Semantically, the angle bracket characters are not part of the
msg-id; the msg-id is what is contained between the two angle bracket
characters.
val addr_spec : mailbox Angstrom.t

From RFC822.

addr-spec = local-part "@" domain ; global address

From RFC2822.

An addr-spec is a specific Internet identifier that contains a
locally interpreted string followed by the at-sign character ("@",
ASCII value 64) followed by an Internet domain.  The locally
interpreted string is either a quoted-string or a dot-atom.  If the
string can be represented as a dot-atom (that is, it contains no
characters other than atext characters or "." surrounded by atext
characters), then the dot-atom form SHOULD be used and the
quoted-string form SHOULD NOT be used. Comments and folding white
space SHOULD NOT be used around the "@" in the addr-spec.

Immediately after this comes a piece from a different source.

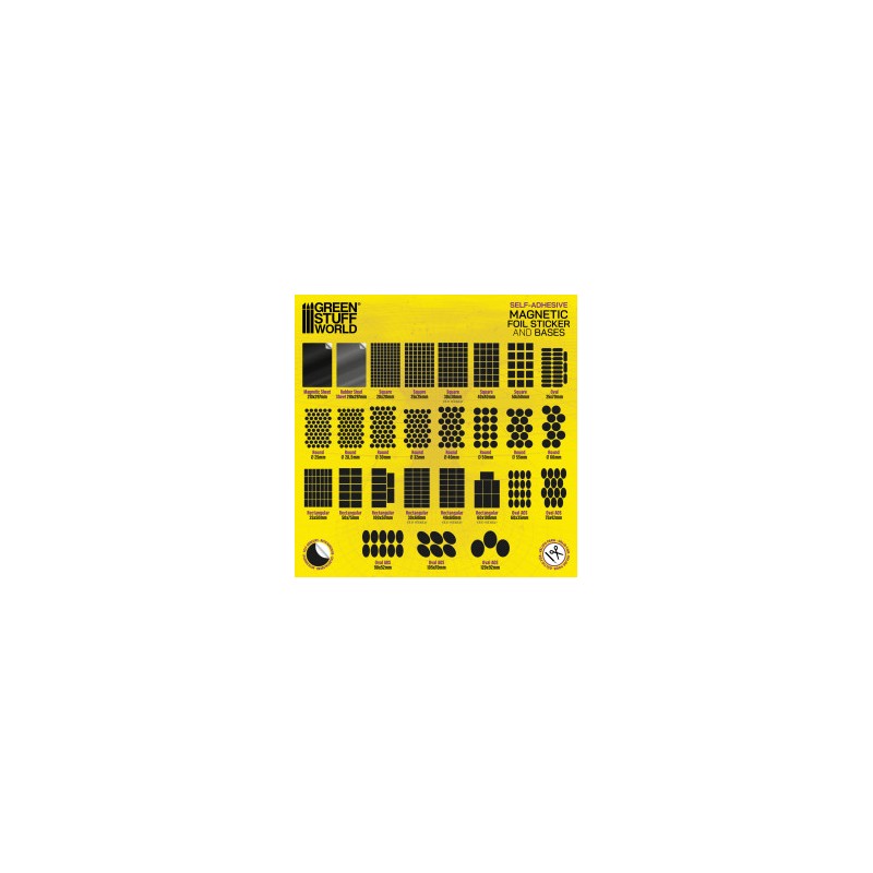 Flexible, self-adhesive magnetic sheets are a quick and practical solution for magnetising your wargame units, without drilling or gluing magnets. Available in a variety of shapes - square, rectangular, round or oval - as well as full sheets, they can be easily cut to size with scissors or a box cutter to suit your needs.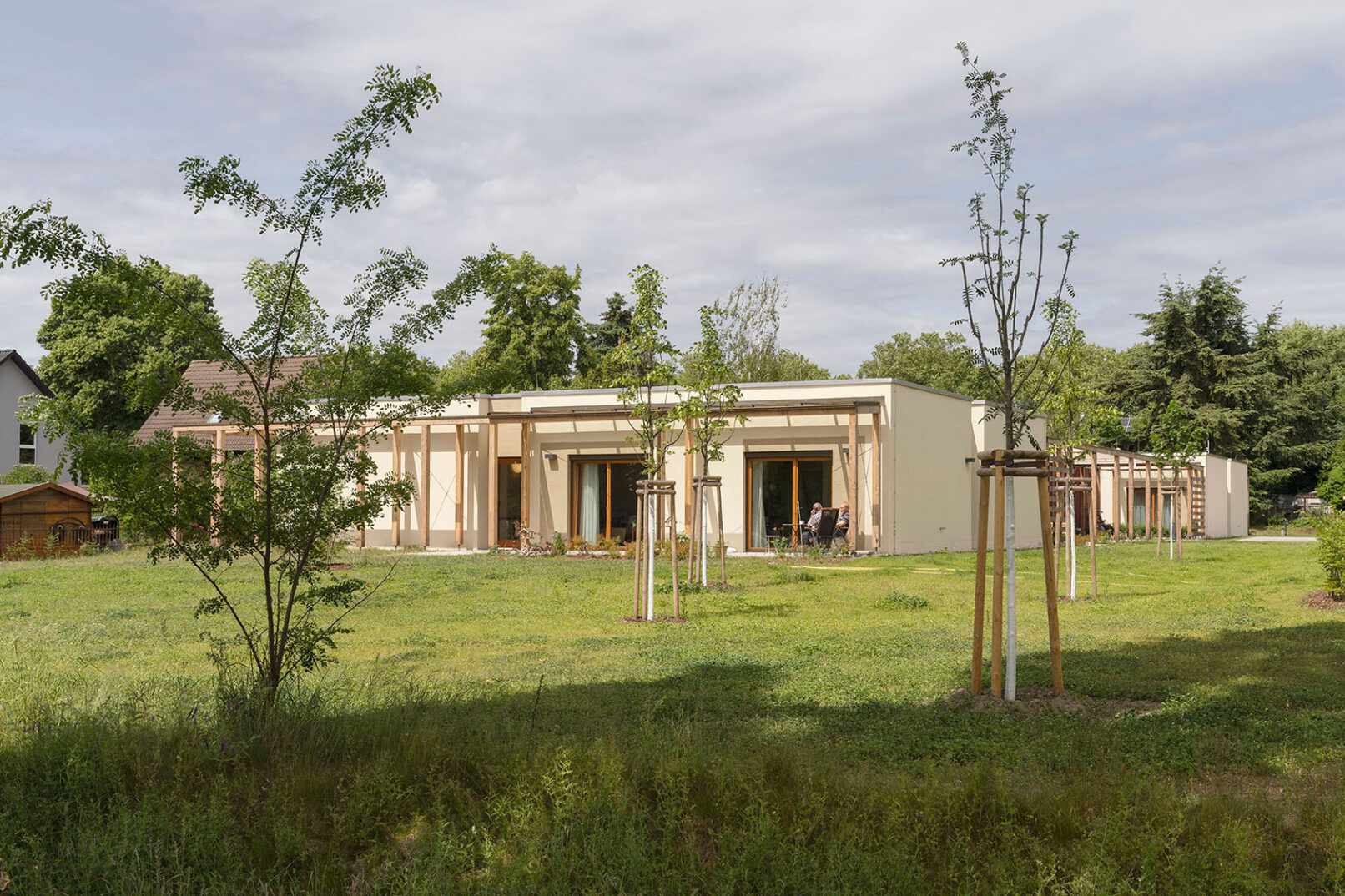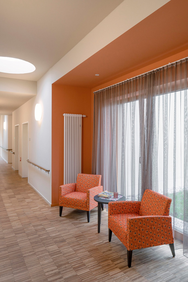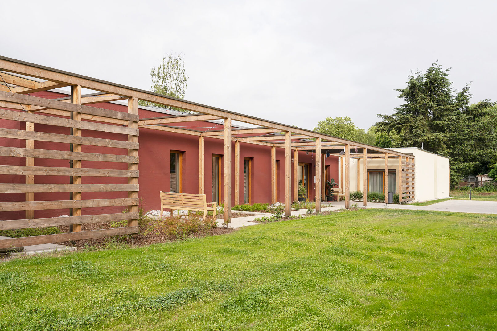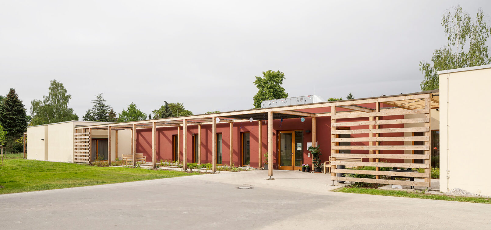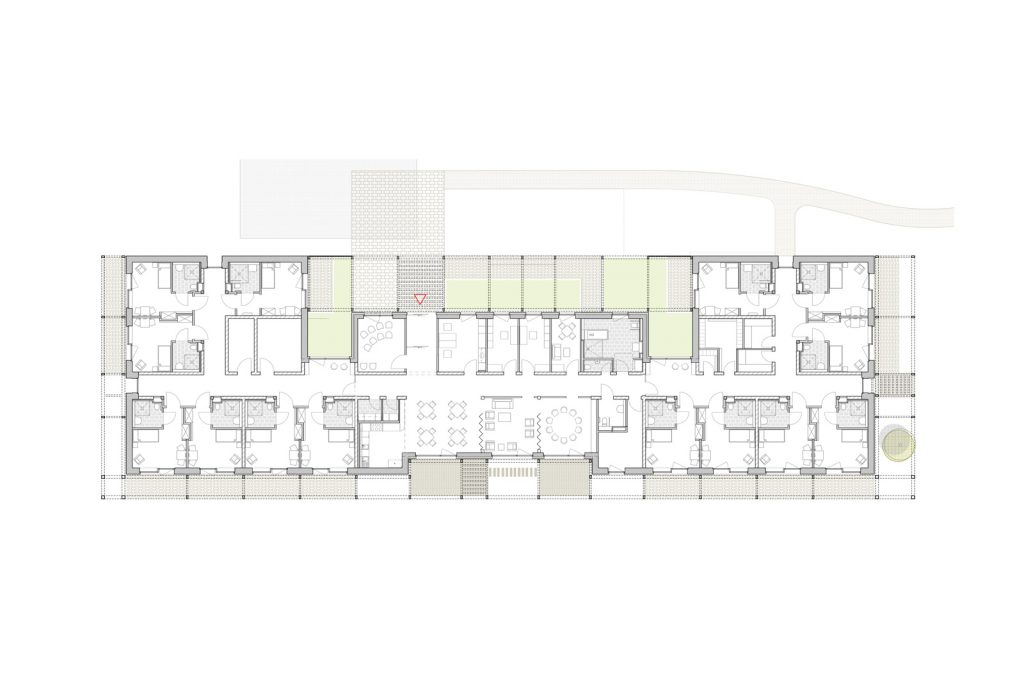 Gartenseitig wird das Haus von einer Pergola umrahmt. Hier liegen die Zimmer der Bewohner sowie Gemeinschaftsräume mit Glas überdachten Terrassen. Das Gebäude bietet zahlreiche Rückzugsorte mit Blick nach draußen sowie Räume für gemeinsames, familiäres Zusammenleben, mit hoher Aufenthaltsqualität. Die Fassadengestaltung mit Einschnitten und Oberlichtern sorgt für eine angenehme natürliche Belichtung der Flure.

addr-spec = local-part "@" domain

From RFC5322.

Note: A liberal syntax for the domain portion of addr-spec is
given here.  However, the domain portion contains addressing
information specified by and used in other protocols (e.g.,
[RFC1034], [RFC1035], [RFC1123], [RFC5321]).  It is therefore
incumbent upon implementations to conform to the syntax of
addresses for the context in which they are used.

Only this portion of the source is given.